Single-idea implementations ("one-trick ponies") will die off, and composites that are harder to disassemble will be worth more.

vedmakk 20 days ago

After reading that post it feels so basic to sit here, watching my single humble claude code agent go along with its work... confident, but brittle and so easily distracted.

swordsith 19 days ago

It does feel like these multi-agent coding types are going to code themselves out of existence.

ramon156 19 days ago

I would also love to see the statistics regarding token cost, electricity cost, environmental damage etc.
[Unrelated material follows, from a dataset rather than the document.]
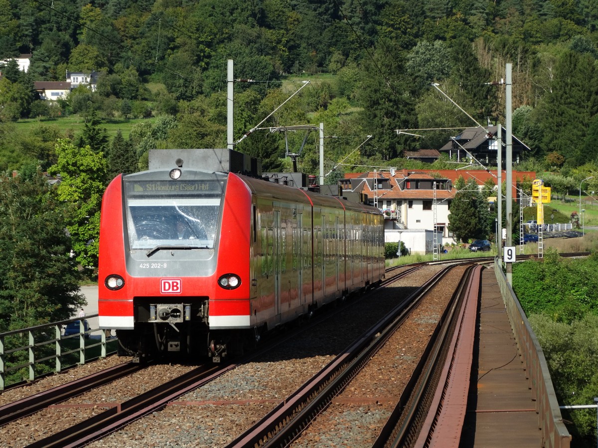DB Regio Baden Württemberg S-Bahn Rhein Neckar 425 202-9 am 29.08.14 in Neckargemünd auf der Neckarbrücke vor dem Bhf Neckargemünd Altstadt

Not saying that this only happens with LLMs, in fact it should be compared against e.g. a dev team of 4-5

cocoto 19 days ago
The complex thing is that you would need to take into account the energy used to feed the programmers, the energy used for their education or simply them growing up to the age they are working. For the LLMs it would have to take into account energy used for the GPU, the machine building the GPUs, datacenters, engineers maintaining it, their education etc etc. It’s so complex to really estimate these things from bottom up if you are not only looking locally, it feels impossible…
- marisen 19 days ago
  
  It is well known that a programmer that stops programming stops requiring food
  
  1 reply →
- AstroBen 19 days ago
  
  Yes. I absolutely agree. To fully optimize this system we must enact breeding restrictions to reduce the energy demands from the humans.
- xnx 19 days ago
  
  > It’s so complex to really estimate these things
  Is it? Use dollar cost of salary and cost for the AI. That wraps up all those things you mentioned.
xnx 19 days ago
Generally, if something costs less it has less environmental impact.
- bauerd 19 days ago
  
  Generally wrong. It may cost less because its externalities aren't priced in.
- oefrha 19 days ago
  
  If you exterminate the replaced human coders, sure.

Chipshuffle 19 days ago

The more I think about LLMs the stranger it feels trying to grasp what they are. To me, when I'm working with them, they don't feel intelligence but rather an attempt at mimicking it. You can never trust, that the AI actually did something smart or dump. The judge always has to be you.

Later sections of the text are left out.